Stored data:
#####

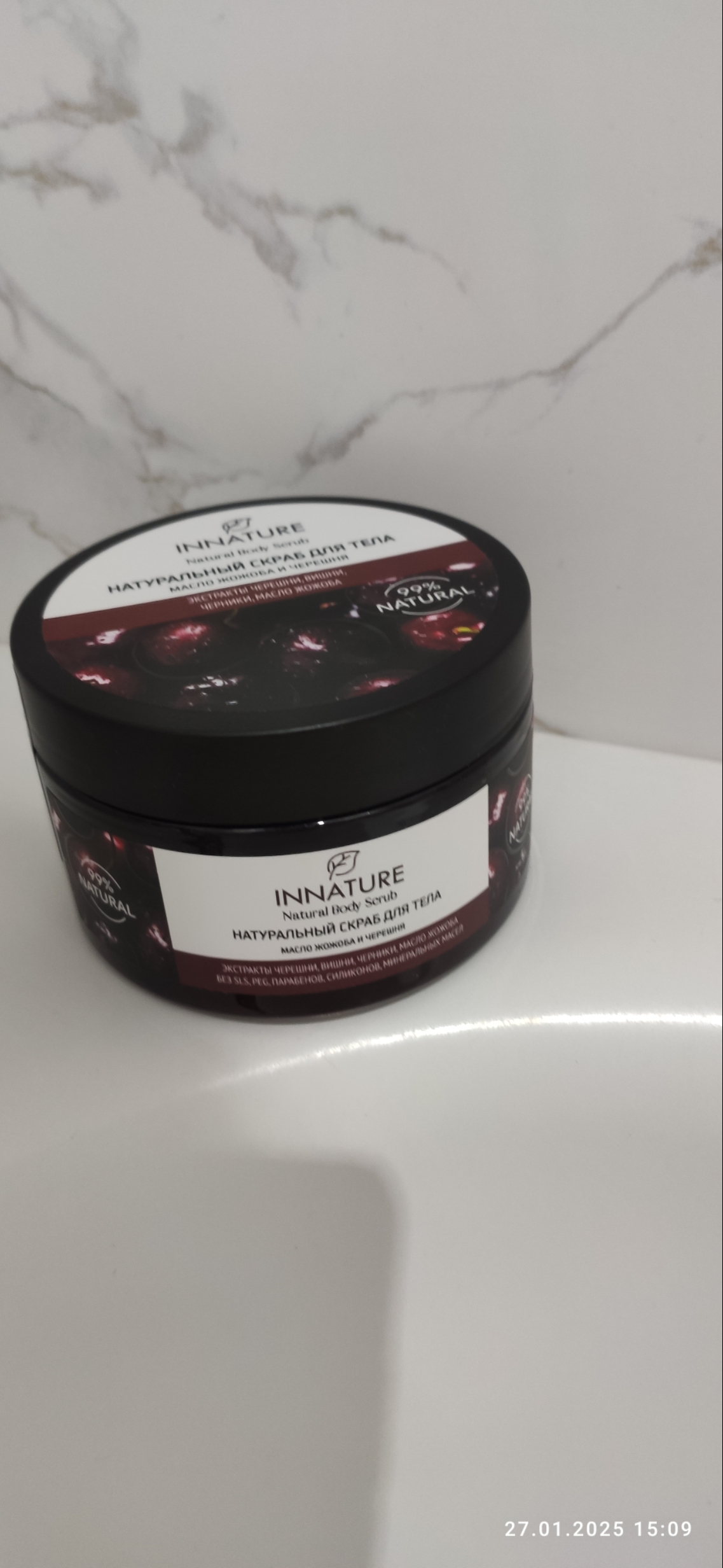 Скраб - середнячок за свою цену: не жесткий, но и не мягкий, в целом пользоваться приятно, кожа после него нежная и напитанная. Для новичков самое оно. Стоит брать хотя бы из-за запаха - сочный, вкусный вишневый аромат, без химозности, любители черешни будут в восторге)
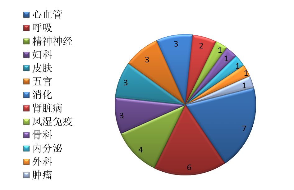 藥審中心審評(píng)通過批準(zhǔn)臨床試驗(yàn)的中藥IND申請(qǐng)36件,涉及13個(gè)適應(yīng)癥領(lǐng)域,其中心血管、呼吸、精神神經(jīng)較多,共占47%,具體治療領(lǐng)域分布詳見圖11。
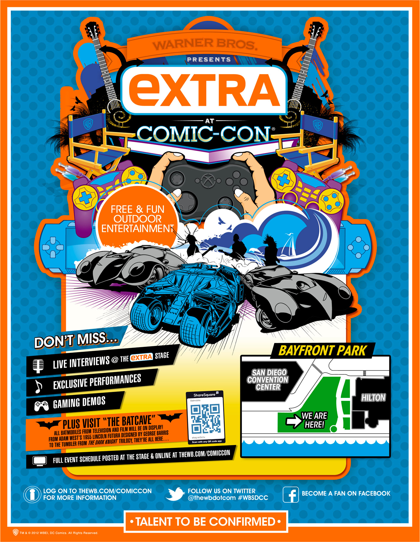 RT @conventionscene: Warner Bros. Wants to Give You Something “Extra” for SDCC 2012 with a Free Outdoor Festival and All 6 Batmobiles – http://t.co/MtHFJoZV
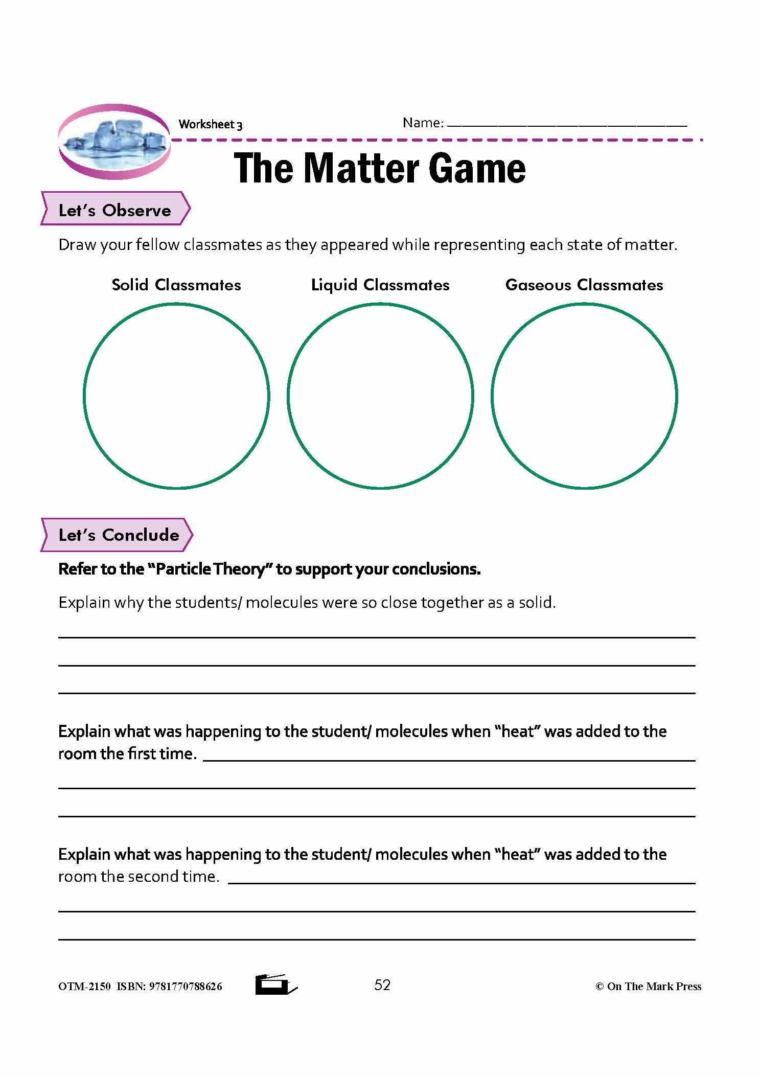 Students will use the particle theory of matter to compare how heat affects the motion of particles in a solid, a liquid, and a gas.
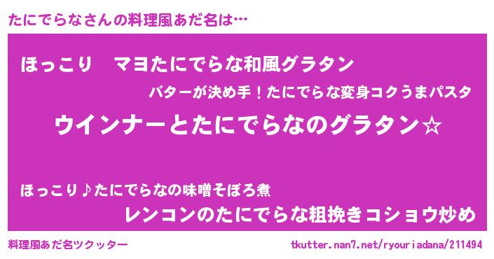 | ポケモン風あだ名 | 『タニデダネ』『ターニイ』 |
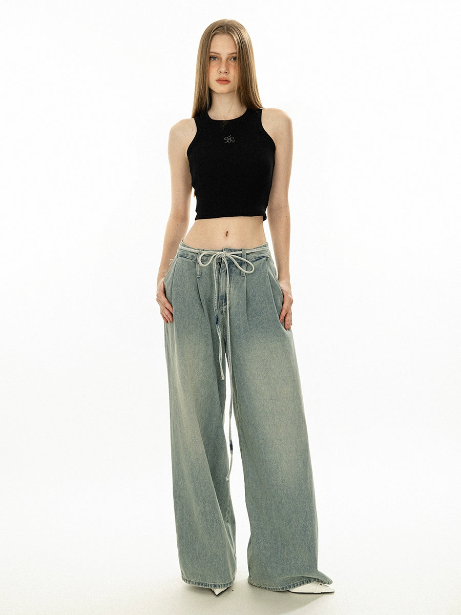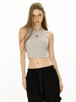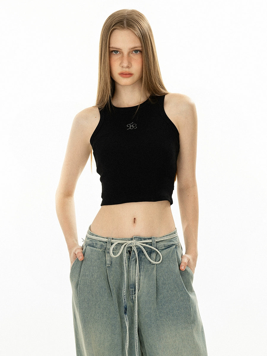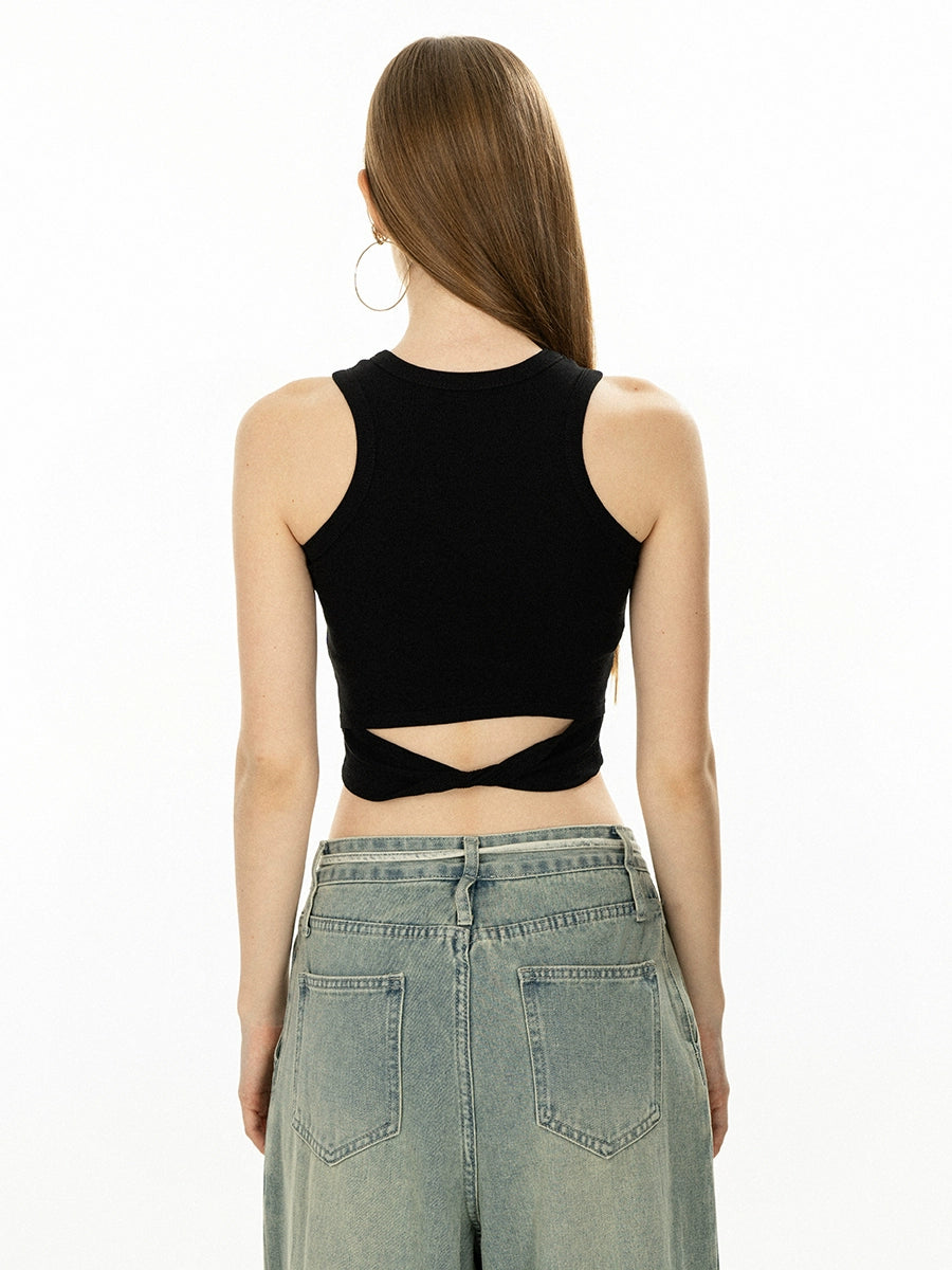 Gekürztes geripptes Tanktop mit offenem Rücken
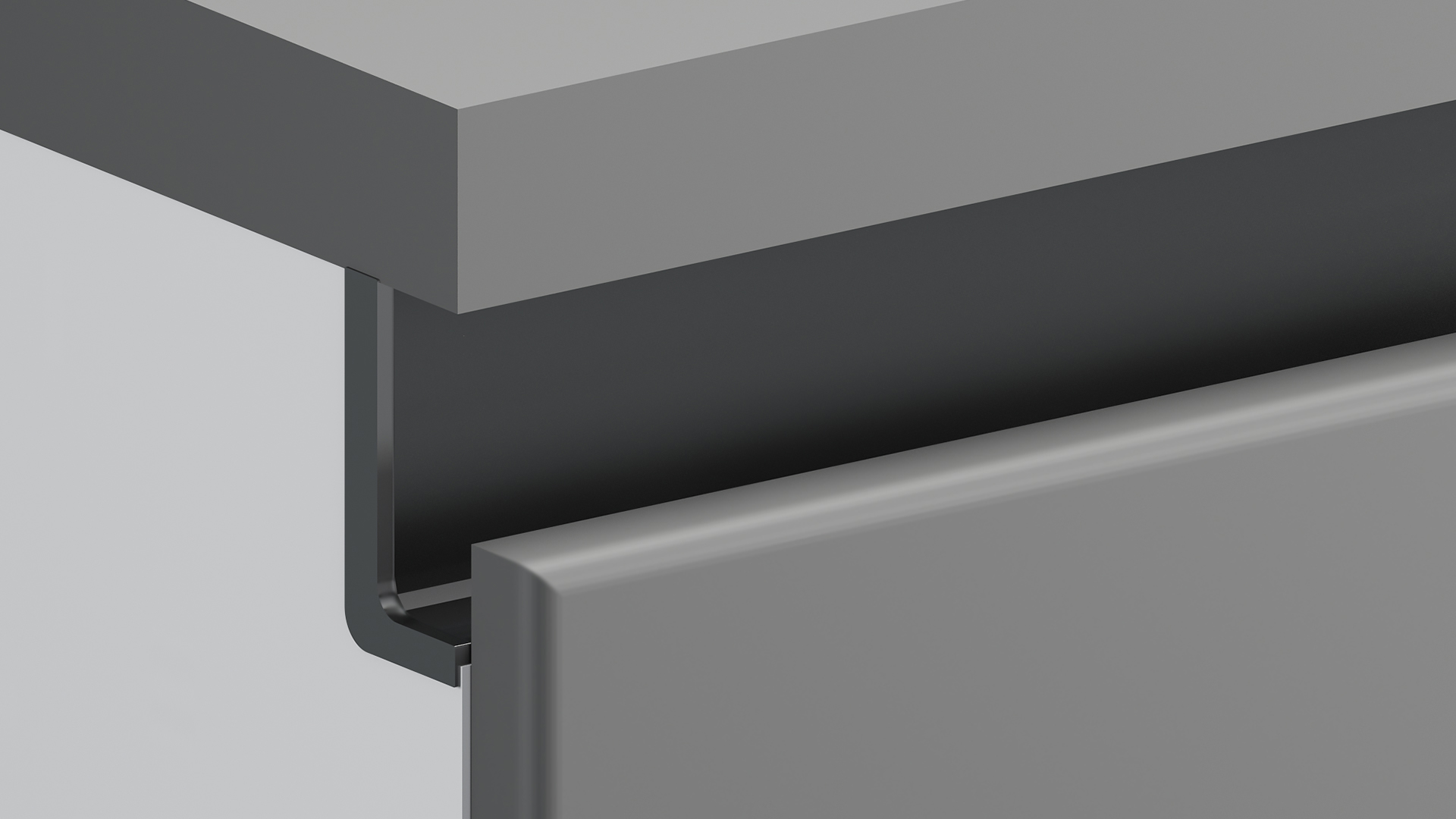 RP051 — L-образный профиль GOLA BALANCE, размещаемый в нижней базе мебельного гарнитура сразу под столешницей. Полезная длина GOLA BALANCE RP051 составляет 4100 мм. Для стыка ручек-профилей GOLA BALANCE RP051 в углах нижней базы мебельного гарнитура рекомендуется использовать металлические уголки-держатели: внешний уголок RZ051.02 и внутренний уголок RZ051.03.

#####

Each record must be returned exactly as it stands, and the images omitted.

**Solution to the problem:**
 Скраб - середнячок за свою цену: не жесткий, но и не мягкий, в целом пользоваться приятно, кожа после него нежная и напитанная. Для новичков самое оно. Стоит брать хотя бы из-за запаха - сочный, вкусный вишневый аромат, без химозности, любители черешни будут в восторге)
 藥審中心審評(píng)通過批準(zhǔn)臨床試驗(yàn)的中藥IND申請(qǐng)36件,涉及13個(gè)適應(yīng)癥領(lǐng)域,其中心血管、呼吸、精神神經(jīng)較多,共占47%,具體治療領(lǐng)域分布詳見圖11。
 RT @conventionscene: Warner Bros. Wants to Give You Something “Extra” for SDCC 2012 with a Free Outdoor Festival and All 6 Batmobiles – http://t.co/MtHFJoZV
 Students will use the particle theory of matter to compare how heat affects the motion of particles in a solid, a liquid, and a gas.
 | ポケモン風あだ名 | 『タニデダネ』『ターニイ』 |
 Gekürztes geripptes Tanktop mit offenem Rücken
 RP051 — L-образный профиль GOLA BALANCE, размещаемый в нижней базе мебельного гарнитура сразу под столешницей. Полезная длина GOLA BALANCE RP051 составляет 4100 мм. Для стыка ручек-профилей GOLA BALANCE RP051 в углах нижней базы мебельного гарнитура рекомендуется использовать металлические уголки-держатели: внешний уголок RZ051.02 и внутренний уголок RZ051.03.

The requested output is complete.